§ **Activity**
Starting with the line that holds "首发一场歌伴舞《滚滚红尘》拉", repeat each line through the last one below, exactly. Pictures stay out.

§ **Exercise input**
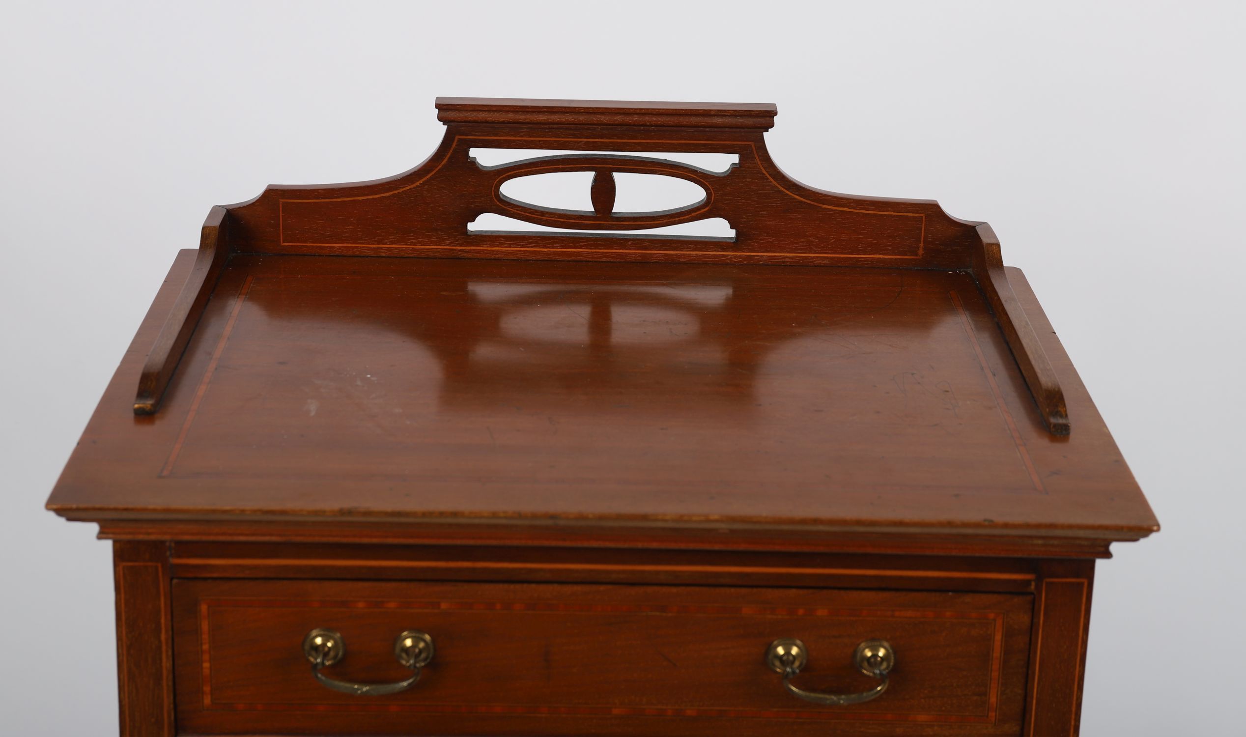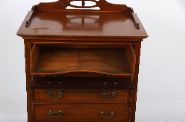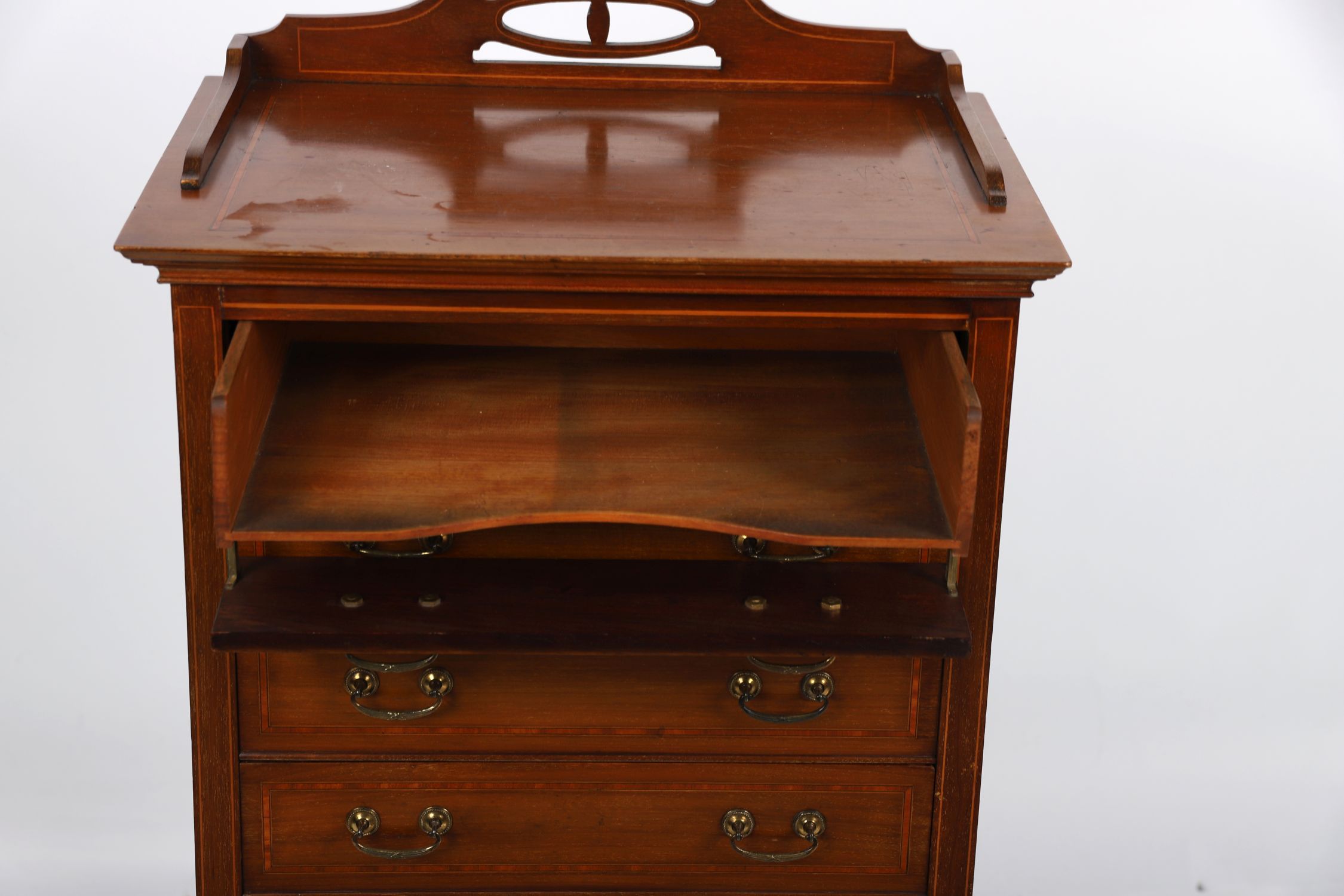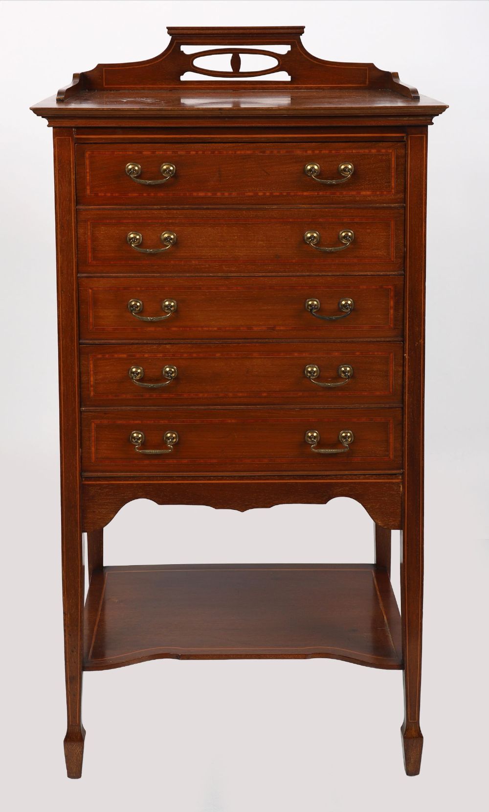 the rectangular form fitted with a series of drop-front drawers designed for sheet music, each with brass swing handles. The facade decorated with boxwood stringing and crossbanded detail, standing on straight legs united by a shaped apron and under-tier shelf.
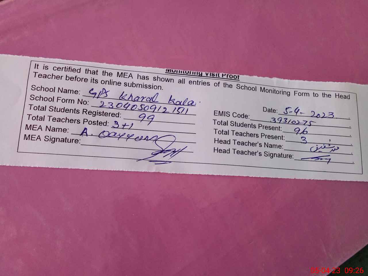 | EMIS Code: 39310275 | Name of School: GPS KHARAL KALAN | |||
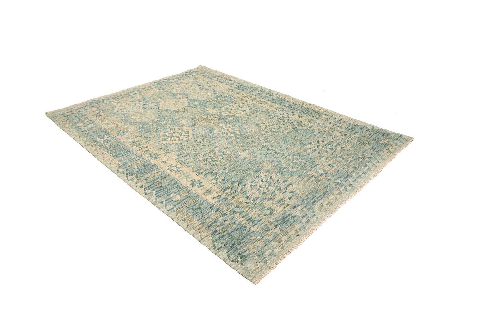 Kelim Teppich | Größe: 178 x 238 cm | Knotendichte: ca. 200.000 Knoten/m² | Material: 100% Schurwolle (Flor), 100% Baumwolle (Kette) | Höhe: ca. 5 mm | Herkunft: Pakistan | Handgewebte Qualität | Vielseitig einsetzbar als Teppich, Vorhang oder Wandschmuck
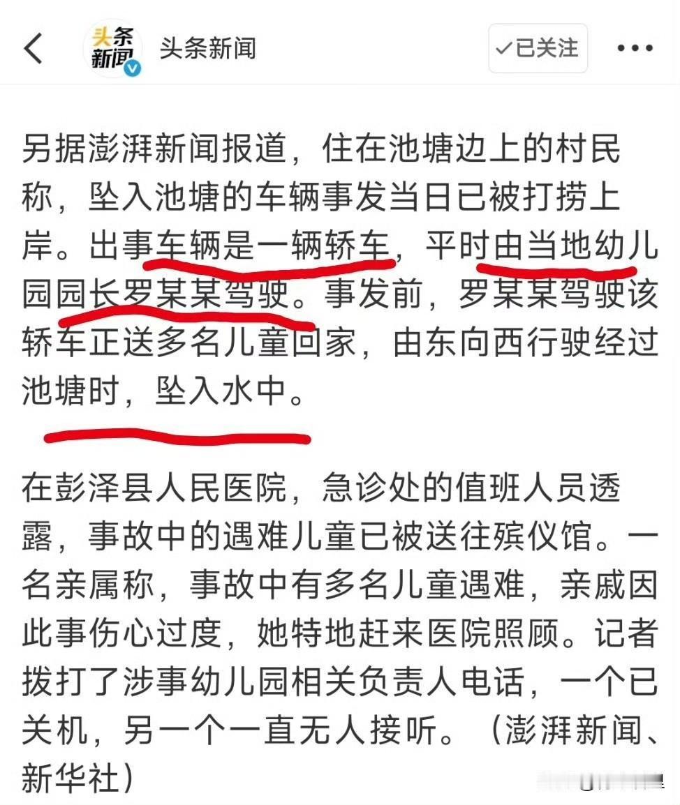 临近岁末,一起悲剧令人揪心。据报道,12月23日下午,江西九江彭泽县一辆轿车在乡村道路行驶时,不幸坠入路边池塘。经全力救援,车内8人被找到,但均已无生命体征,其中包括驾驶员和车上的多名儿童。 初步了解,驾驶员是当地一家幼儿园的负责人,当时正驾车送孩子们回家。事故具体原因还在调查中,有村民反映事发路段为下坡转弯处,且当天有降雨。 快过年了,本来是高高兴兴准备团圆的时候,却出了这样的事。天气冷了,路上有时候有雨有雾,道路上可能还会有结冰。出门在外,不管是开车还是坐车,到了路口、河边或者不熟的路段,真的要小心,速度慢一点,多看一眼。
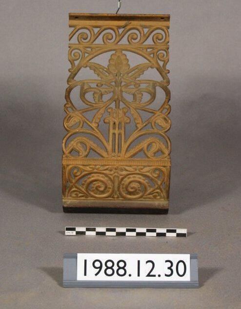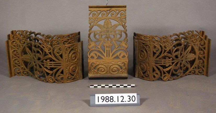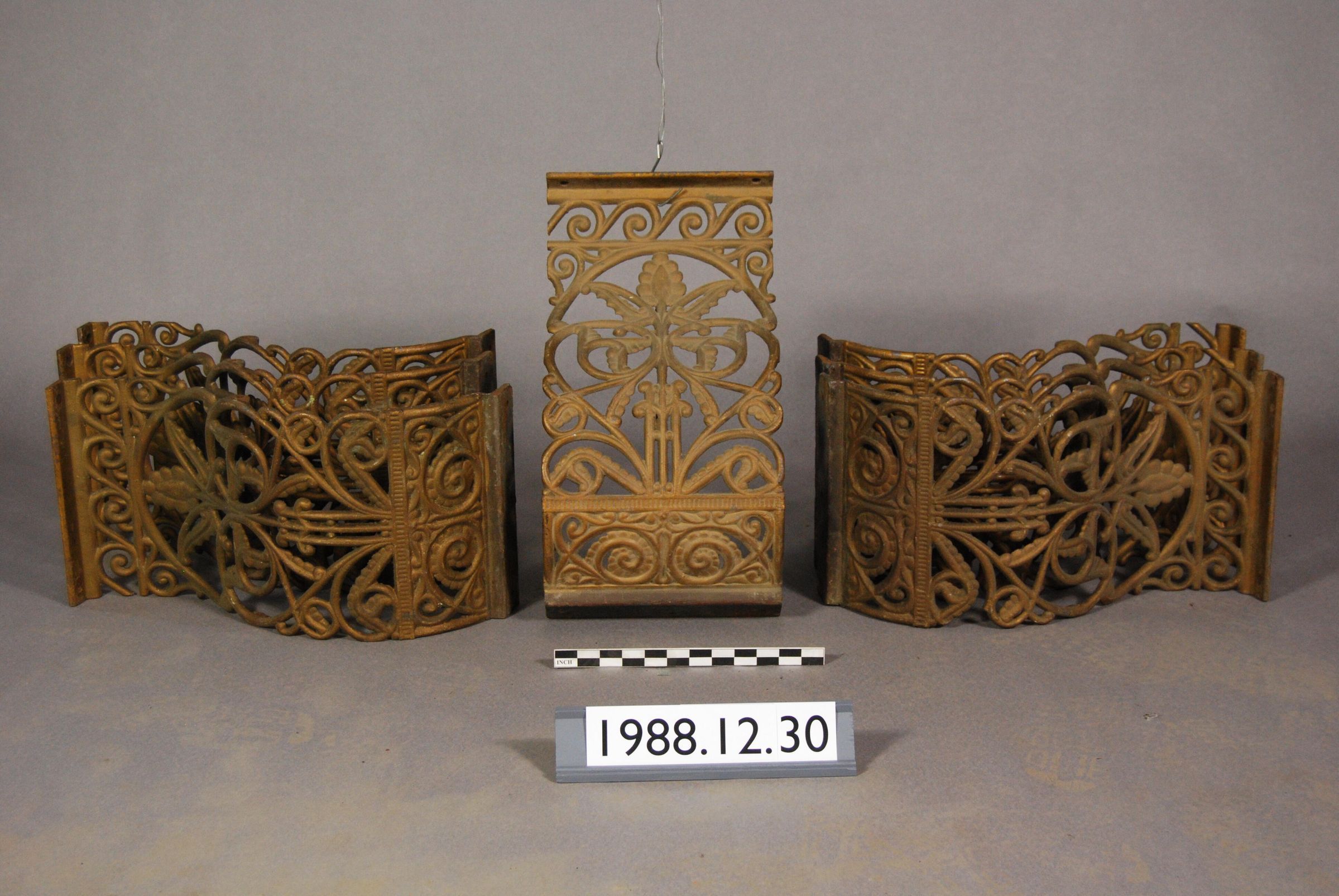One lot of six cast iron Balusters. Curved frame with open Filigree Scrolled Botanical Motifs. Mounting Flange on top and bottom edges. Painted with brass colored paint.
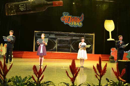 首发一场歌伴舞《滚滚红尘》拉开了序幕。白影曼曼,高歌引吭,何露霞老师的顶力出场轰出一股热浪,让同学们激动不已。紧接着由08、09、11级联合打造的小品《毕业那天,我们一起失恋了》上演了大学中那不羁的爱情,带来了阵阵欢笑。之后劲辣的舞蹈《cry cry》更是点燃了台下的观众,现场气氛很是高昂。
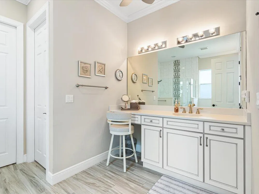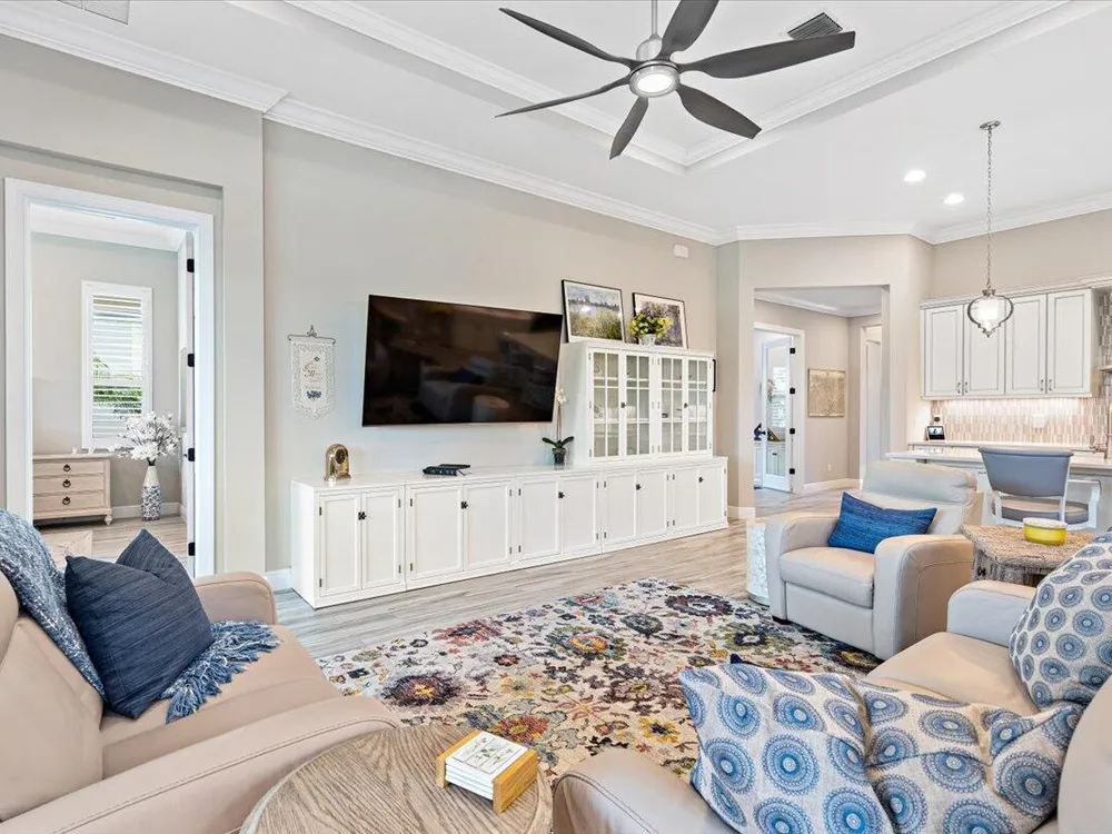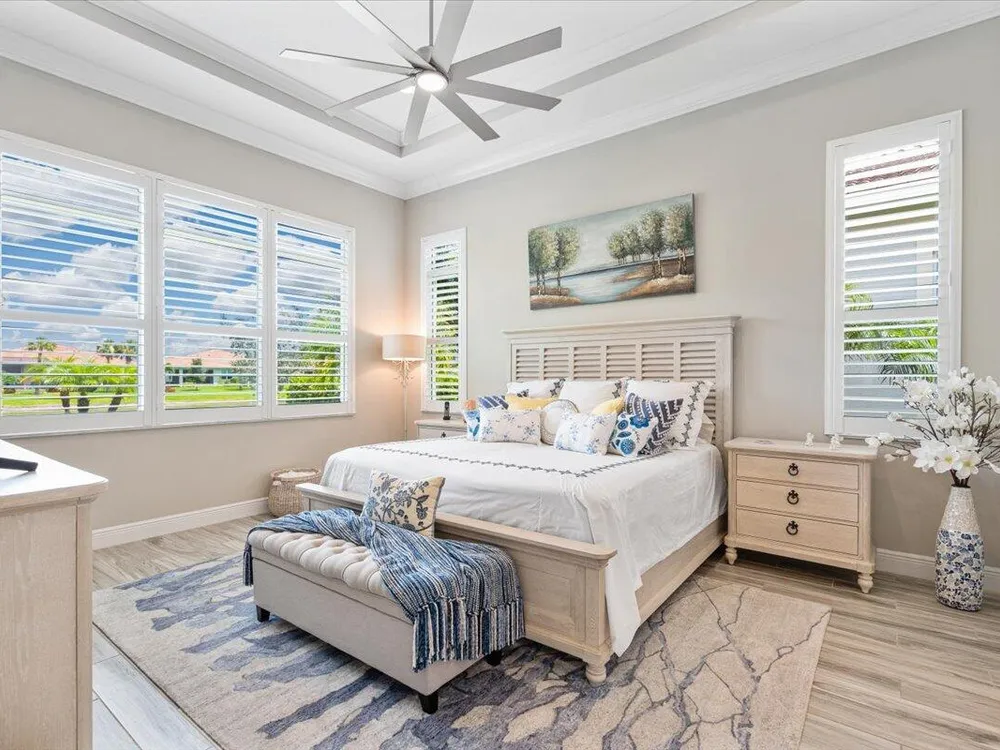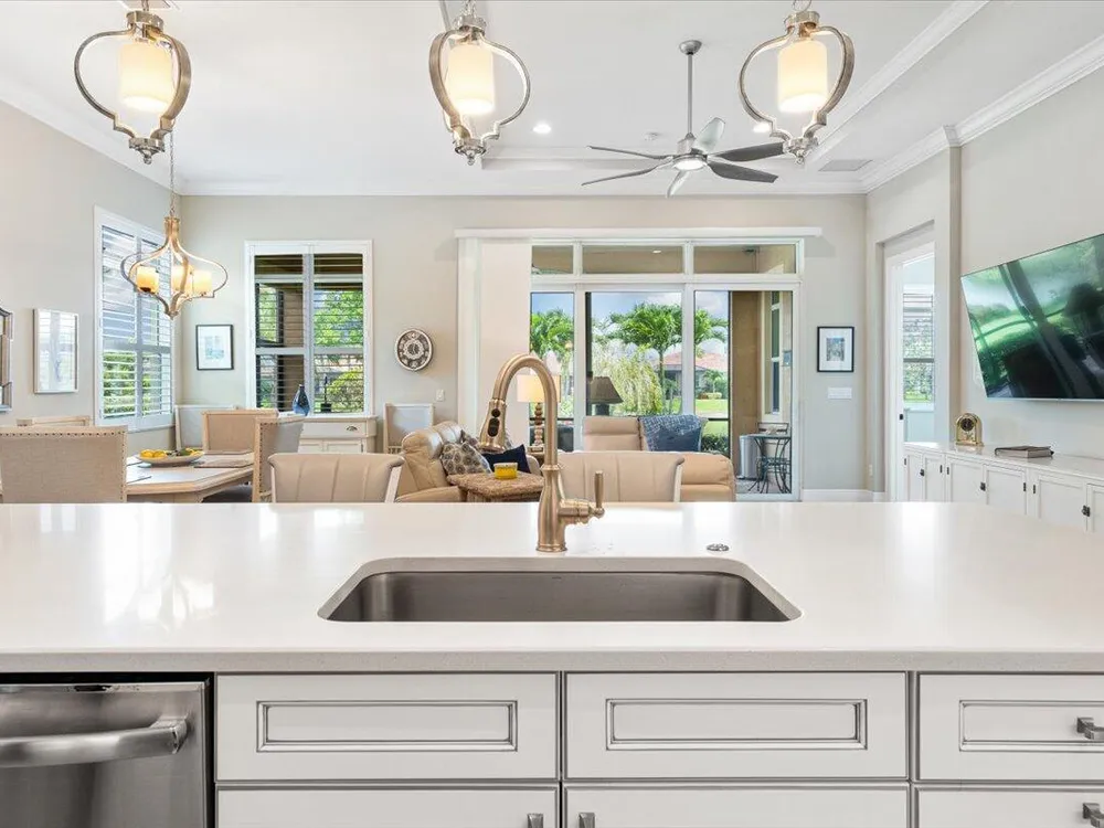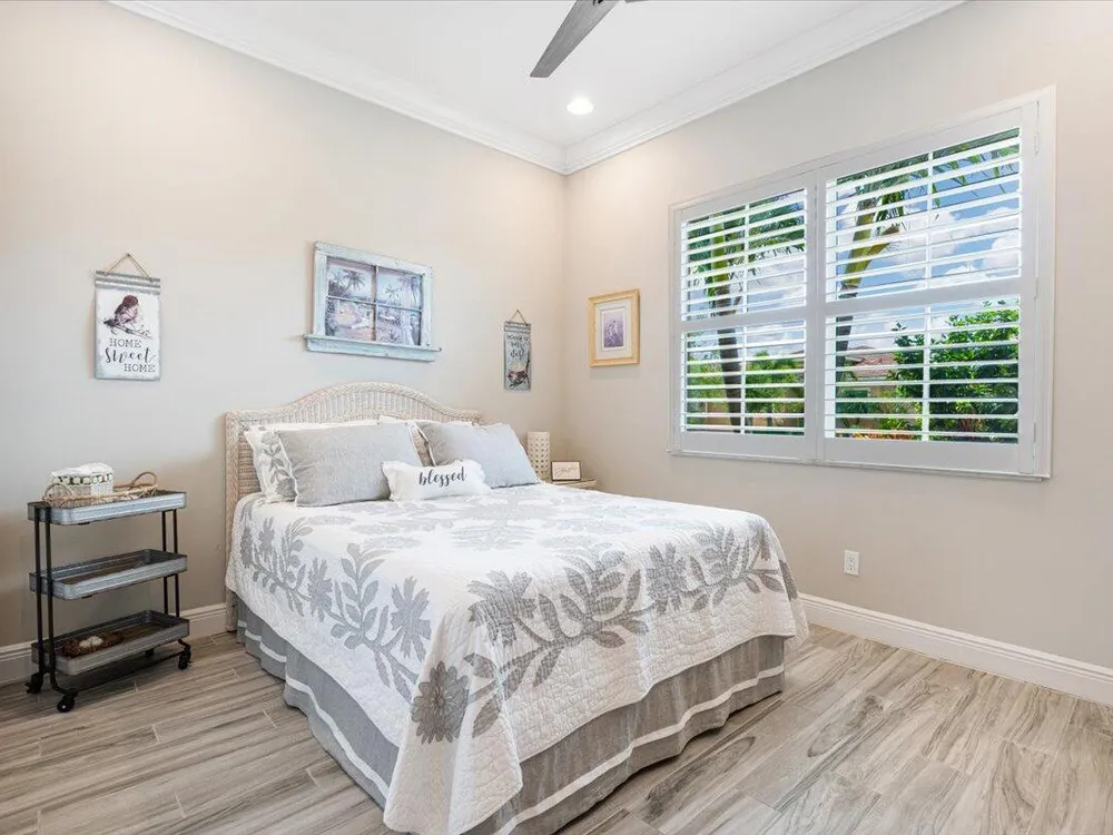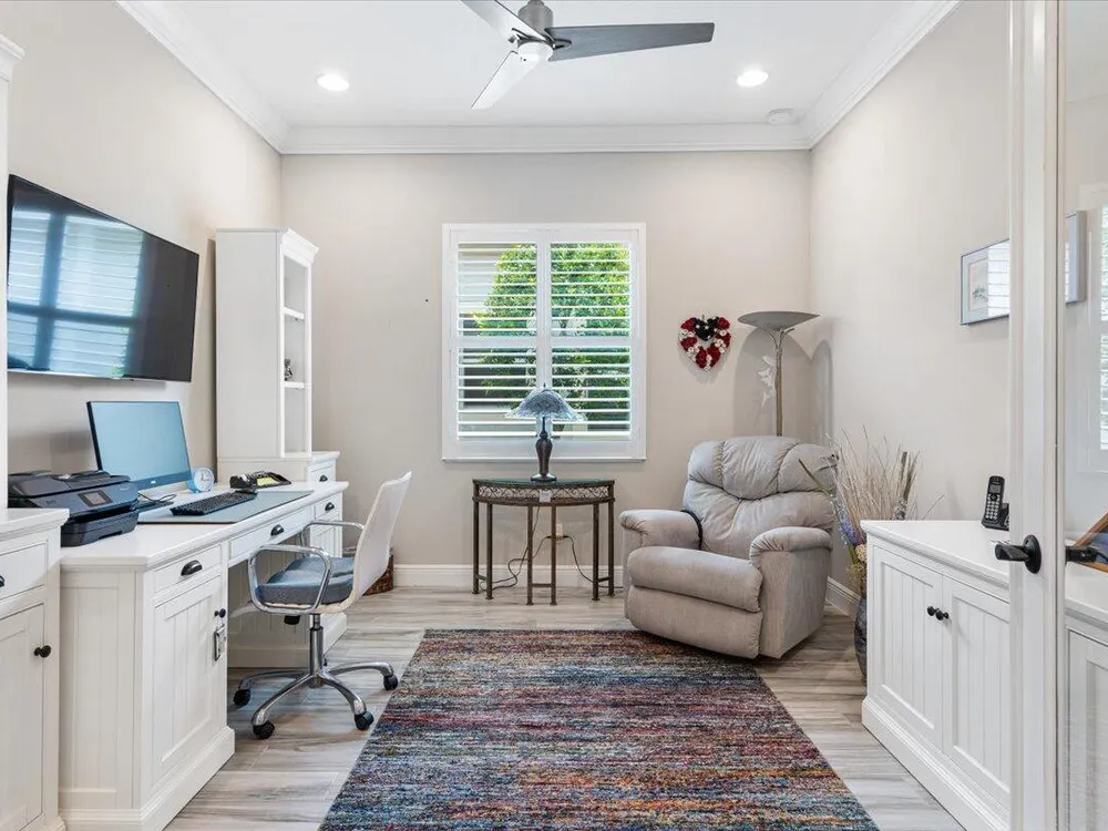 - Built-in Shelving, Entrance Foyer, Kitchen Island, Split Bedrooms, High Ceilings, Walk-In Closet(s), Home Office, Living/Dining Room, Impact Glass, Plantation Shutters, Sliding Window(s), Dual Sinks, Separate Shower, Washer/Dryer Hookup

§ **Your response**
 首发一场歌伴舞《滚滚红尘》拉开了序幕。白影曼曼,高歌引吭,何露霞老师的顶力出场轰出一股热浪,让同学们激动不已。紧接着由08、09、11级联合打造的小品《毕业那天,我们一起失恋了》上演了大学中那不羁的爱情,带来了阵阵欢笑。之后劲辣的舞蹈《cry cry》更是点燃了台下的观众,现场气氛很是高昂。
 - Built-in Shelving, Entrance Foyer, Kitchen Island, Split Bedrooms, High Ceilings, Walk-In Closet(s), Home Office, Living/Dining Room, Impact Glass, Plantation Shutters, Sliding Window(s), Dual Sinks, Separate Shower, Washer/Dryer Hookup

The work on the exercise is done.